[[ EXERCISE INPUTS, beginning ]]

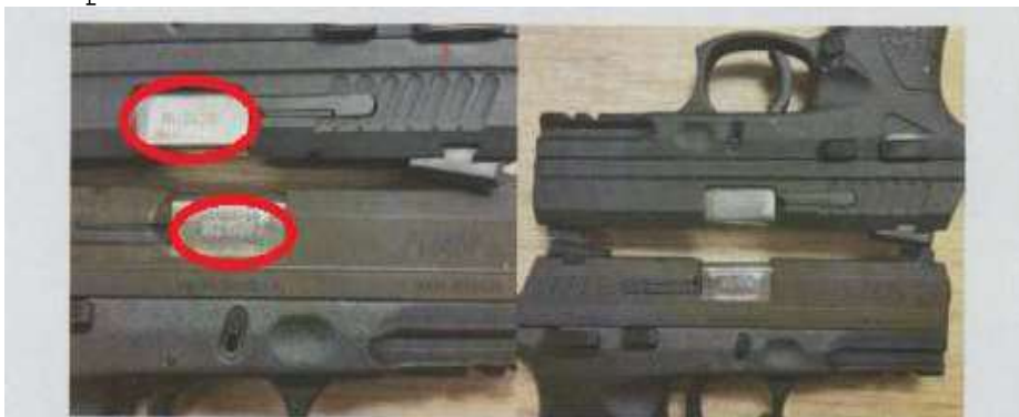
Figura: Deficiência no tratamento de resistência metálica e procedimento de "Teniferização"

90. (...) deficiência no tratamento de revestimento do armamento pois, mesmo em condição nova, sem uso, a nitrocarbonetação iônica em banho de sais (comercialmente chamada de Tenifer®), apresentou oxidação e possibilidade de ferrugem em dois exemplares:
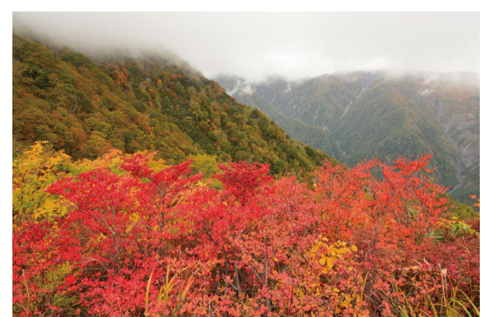
10/6のアルプス平自然遊歩道の様子

※白馬五竜の紅葉は場所ごとの標高差により時期に差が出るため、アルプス平自然遊歩道や小遠見山トレッキングルートを含めた全体が一度に紅葉する事はありません。またその時期の気候によっても都度進み具合に差がでてきます。今年の紅葉は10/6現在、例年より1週間程遅れている印象です。
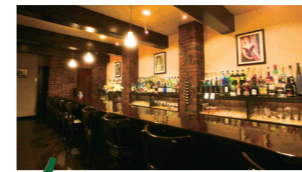
堤マスターの趣味 読書

創業24年。お酒や素材の相性とバランスを大事に作られる堤マスターのカクテルに、創業以来多くのファンが通います。文化街に静かに佇む隠れ家的バーです。
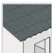
■ Telhas, cobertas e telhados
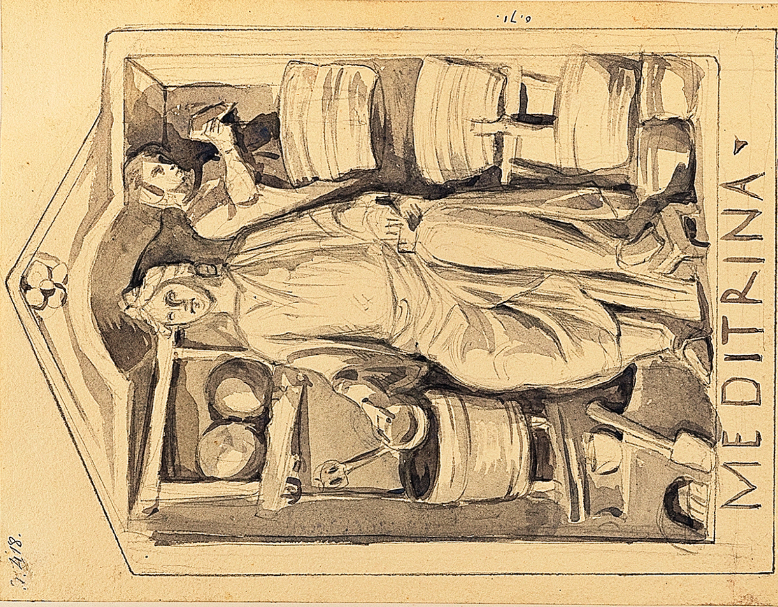
Musee d'Espinal. Meditrina, déesse des médecins et des pharmaciens. Bas-relief en pierre. Trouvé à Grand. La vierge tient d'une main une perle et de l'autre un tablier.
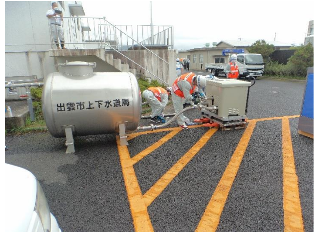
断減水地区への応急給水訓練
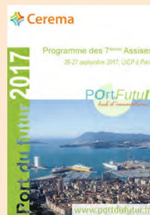
L'AURH était partenaire des 7 es assises du Port du Futur organisées par le Cerema
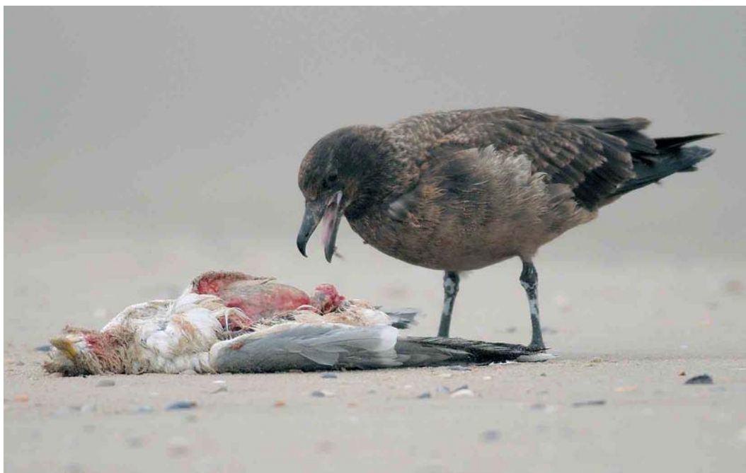
155 Grote Jager / Great Skua Stercorarius skua , eerstejaars, De Cocksdorp, Texel, Noord-Holland, 10 februari 2007 (René Pop)
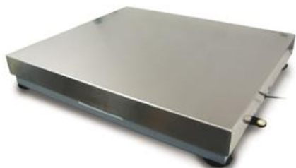
а) S-GA, S-QA, S-QB, S-SK, S-TK, S-UK, S-VK, S-WQ, S-YA, S-YB, S-YC-05, S-YC-1, S-YC-30, S-YE, S-GB, S-GC, S-GD, S-WPP, S-SC, S-SB, S-ES, S-PS

Общий вид ГПУ и терминалов показан на рисунках 1 и 2 соответственно.

[[ EXERCISE INPUTS, end ]]

*ACTIVITY*.
With the images excluded, output every record verbatim.

*COMPLETED EXERCISE*.
Figura: Deficiência no tratamento de resistência metálica e procedimento de "Teniferização"

90. (...) deficiência no tratamento de revestimento do armamento pois, mesmo em condição nova, sem uso, a nitrocarbonetação iônica em banho de sais (comercialmente chamada de Tenifer®), apresentou oxidação e possibilidade de ferrugem em dois exemplares:
10/6のアルプス平自然遊歩道の様子

※白馬五竜の紅葉は場所ごとの標高差により時期に差が出るため、アルプス平自然遊歩道や小遠見山トレッキングルートを含めた全体が一度に紅葉する事はありません。またその時期の気候によっても都度進み具合に差がでてきます。今年の紅葉は10/6現在、例年より1週間程遅れている印象です。
堤マスターの趣味 読書

創業24年。お酒や素材の相性とバランスを大事に作られる堤マスターのカクテルに、創業以来多くのファンが通います。文化街に静かに佇む隠れ家的バーです。
■ Telhas, cobertas e telhados
Musee d'Espinal. Meditrina, déesse des médecins et des pharmaciens. Bas-relief en pierre. Trouvé à Grand. La vierge tient d'une main une perle et de l'autre un tablier.
断減水地区への応急給水訓練
L'AURH était partenaire des 7 es assises du Port du Futur organisées par le Cerema
155 Grote Jager / Great Skua Stercorarius skua , eerstejaars, De Cocksdorp, Texel, Noord-Holland, 10 februari 2007 (René Pop)
а) S-GA, S-QA, S-QB, S-SK, S-TK, S-UK, S-VK, S-WQ, S-YA, S-YB, S-YC-05, S-YC-1, S-YC-30, S-YE, S-GB, S-GC, S-GD, S-WPP, S-SC, S-SB, S-ES, S-PS

Общий вид ГПУ и терминалов показан на рисунках 1 и 2 соответственно.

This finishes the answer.